About this website

This website aims to provide a stable repository for the virus fossil record. We provide data and bioinformatic tools for working with the data. We also post short articles describing our research, and discussing recent advances in the field of viral evolution.

The website is allied to a bioinformatic 'pipeline' for screening genome sequences in silico. Our goal is to provide a comprehensive fossil record for the reference EVEs in our libraries by creating MSAs that incorporate all homologous loci identified by screening.

The EVE reference sequence libraries

We provide paleovirus reference sequences for retroviruses here. Reference sequences for non-retroviral paleoviruses will be provided in the near future. Our reference sequences are provided in our native format (GLUE) and also as FASTA sequences. The current version of the ERV reference sequence library (2013-05-25) is a development version that is under consolidation during April 2013. It includes previously published consensus sequences, as well as 'reference' loci/isolates selected to represent particular retroviral lineages. Our ultimate goal is to provide estimated ancestral sequences for ERV lineages that have sufficiently high copy number.

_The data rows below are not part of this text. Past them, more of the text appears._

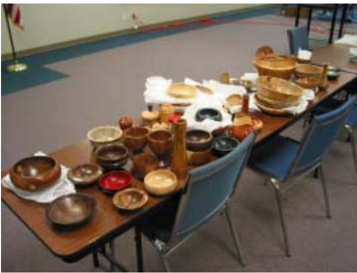
February was our biggest Empty Bowls month so far with 78 items donated, most of which are shown above.
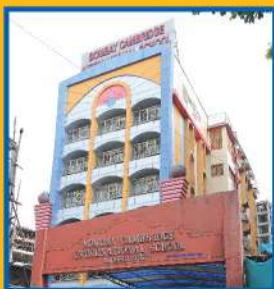
Bombay Cambridge International School Andheri (West)

73044 77054 / 93218 31191 admissions@bcseast.org www.bcseast.org
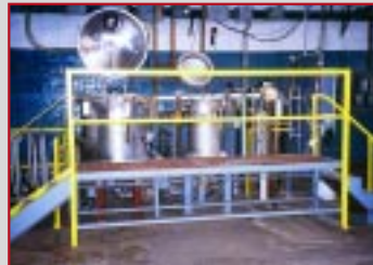
MORTON PKG DYER
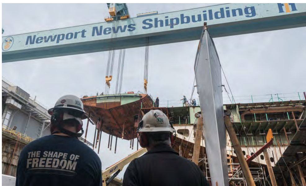
Cover photo: John F. Kennedy's (CVN 79) 932-metric ton lower stern was lifted into place June 22. Pictured above: Shipbuilders watch as Kennedy's lower stern is lifted into dry dock.
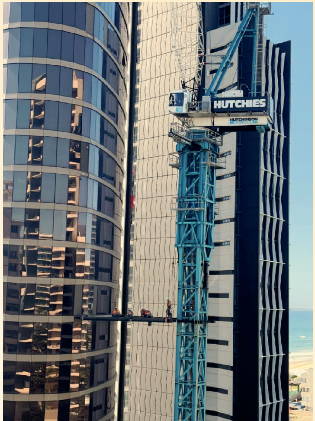
Riggers working to dismantle the crane on Royale Gold Coast.
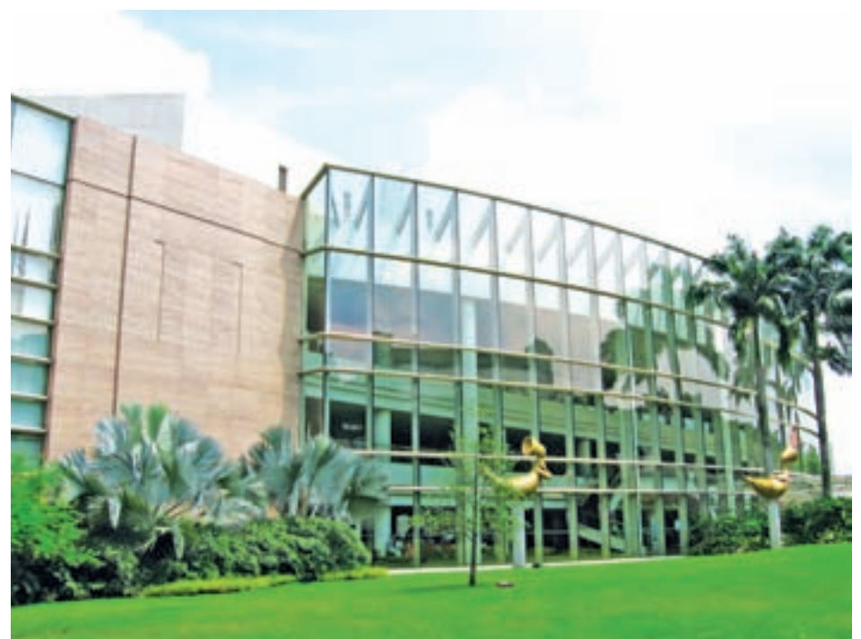
NUS University Culture

The National University of Singapore is a comprehensive research university and the flagship tertiary institution of the country which has a global approach to education and re-
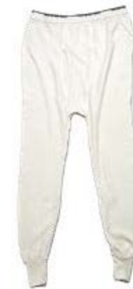
Color: White or Natural
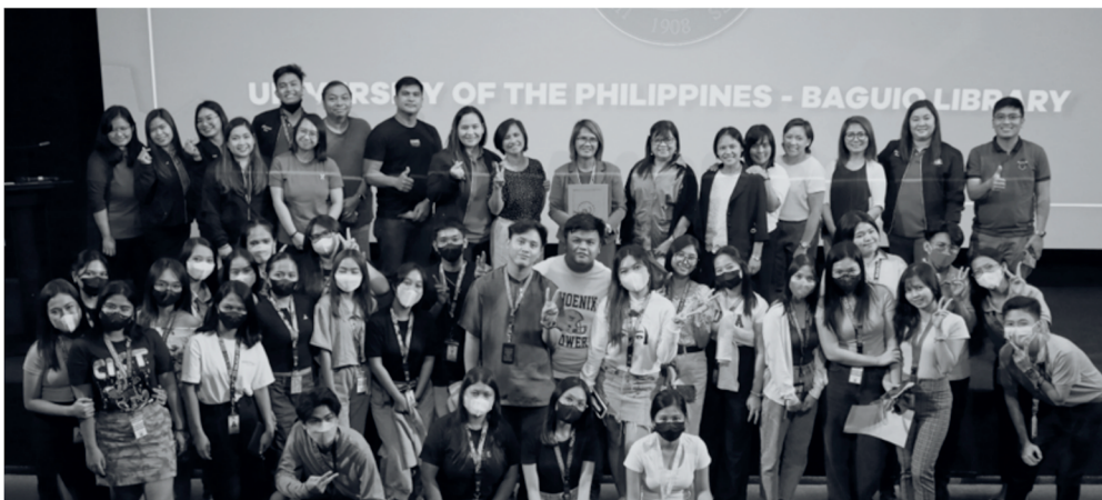
UP Baguio University Library benchmarking at Bulacan State University E-Library

Libraries learn by fostering partnerships and listening to the experiences of partner libraries. Information centers have evolved from just a shelf of books and a set of tables and chairs to what today is considered a smart learning space. Awesome facilities and wide learning spaces invite library users to stay in the library. In this digital era, libraries must be equipped with new tools and technologies (both people and facilities) that help in the advancement of services offered in every information center.
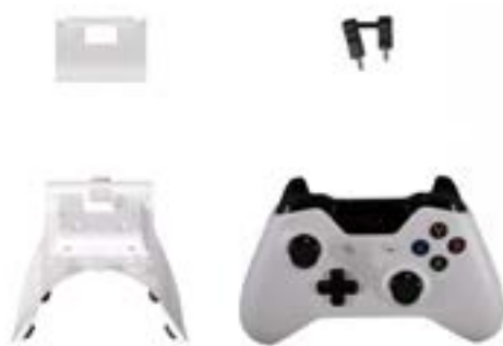
MODEL 1537, 1697, 1708
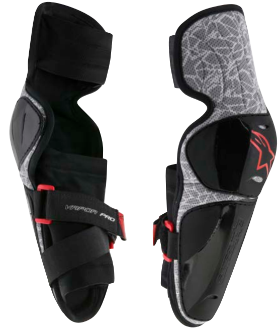
BLACK GRAY 106
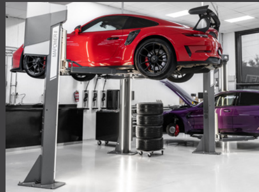
MAHA MAPOWER II | Two Post Lift EMS EURO MOTORSPORT
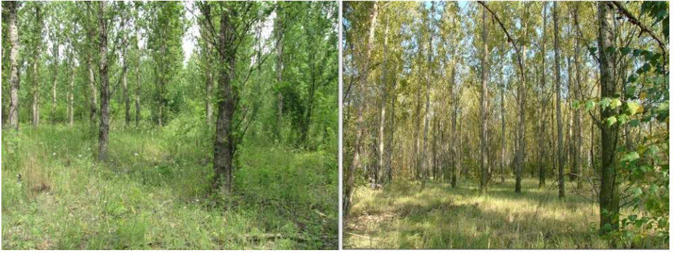
Fig. 2. Protective forest shaping at site B and Z1

The study was conducted in the area of protective forest where the dominant species were Populus robusta L. and Betula pendula Rorth. The sanitary zone outlook has been shown in Fig. 2.
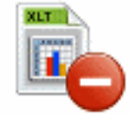
File XLT Remove
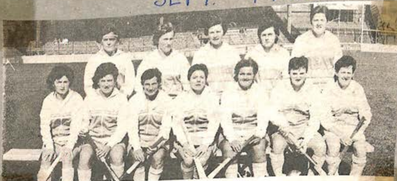
DUBLIN . . . beaten by Kilkenny in the All-Ireland Camogie final.
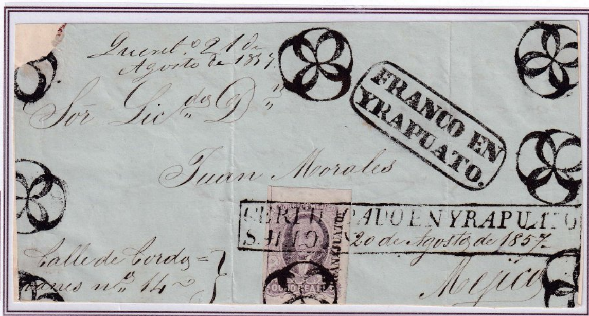
1857, August 20. IRAPUATO to México

Irapuato to Mexico 82 ½ leagues: Irapuato, Buena Vista, Salamanca, El Guaje, Celaya, Apaseo, La Calera, El Rayo, Estancia las Vacas, Querétaro, La Noria, El Colorado, Arroyo Seco, El Sauz, Las Troges, San Juan del Río, Palmillas, San Antonio, Ruano, Encinillas, Arroyo Zarco, Soyaniquilpan, Tepeji del Río, San Miguel, Cuautitlán, La Lechería, Tlalnepantla and Mexico.
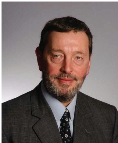
The Rt Hon. the Lord Blunkett

The SOM proactively works with policy makers across the UK. Our Patrons are Lord Blunkett and Norman Lamb MP. We work globally through our international regional group and the International Occupational Medicine Society Collaborative.
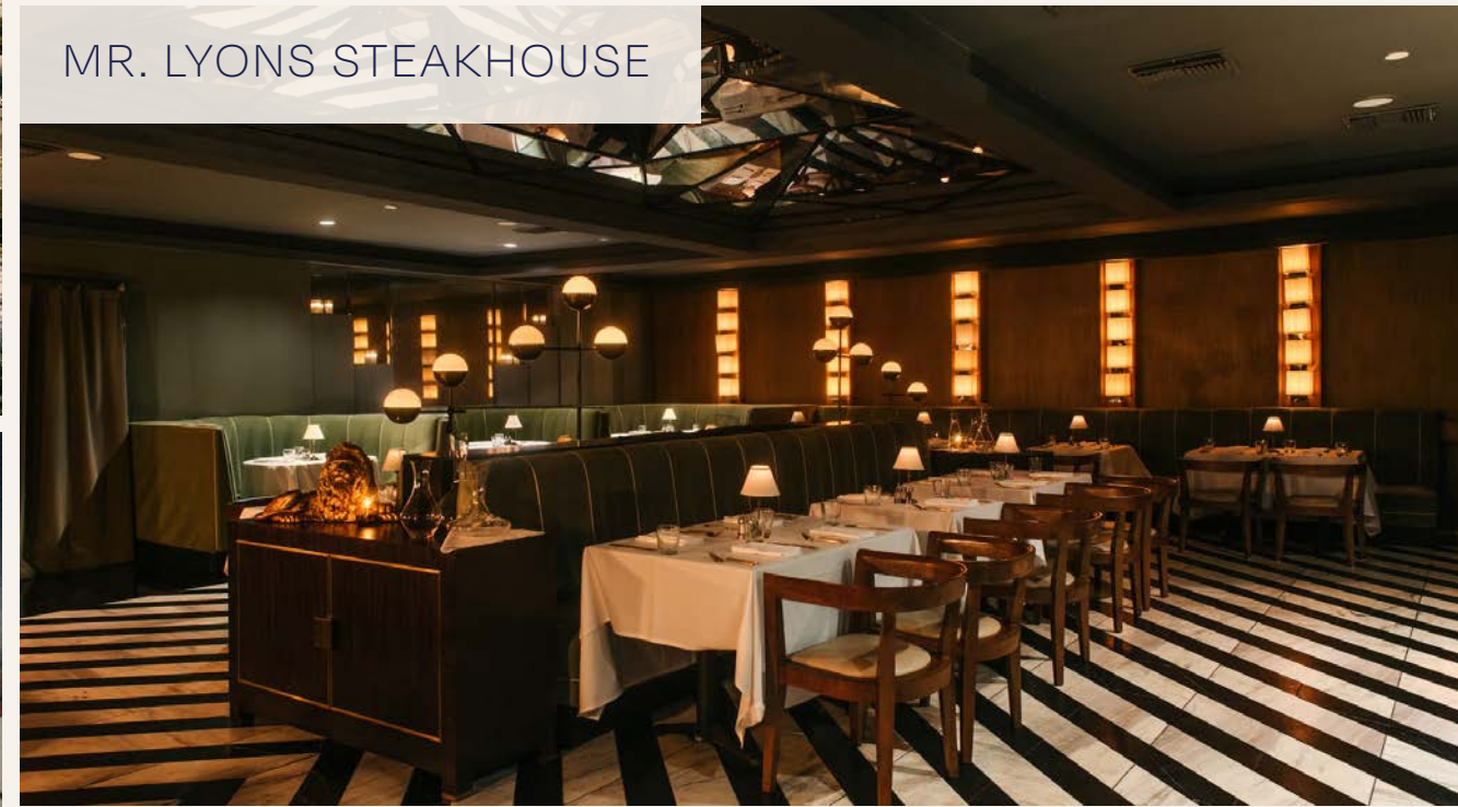
MR. LYONS STEAKHOUSE

Representing the fossil history of EVE lineages

Our approach to organization of the sequence data that comprise the virus fossil record is based on the use of a framework developed in our lab, called GLUE (Genes Linked by their Underlying Evolution). In the GLUE framework, multiple sequence alignments (MSAs) are generated against standard 'reference sequences', and the positions and sequences of insertions relative to the reference sequence are spliced out and stored in tables. This approach expedites the progressive assembly of paleovirus MSAs, and circumvents many of the problems encountered when MSAs contain pseudogenes and large indels.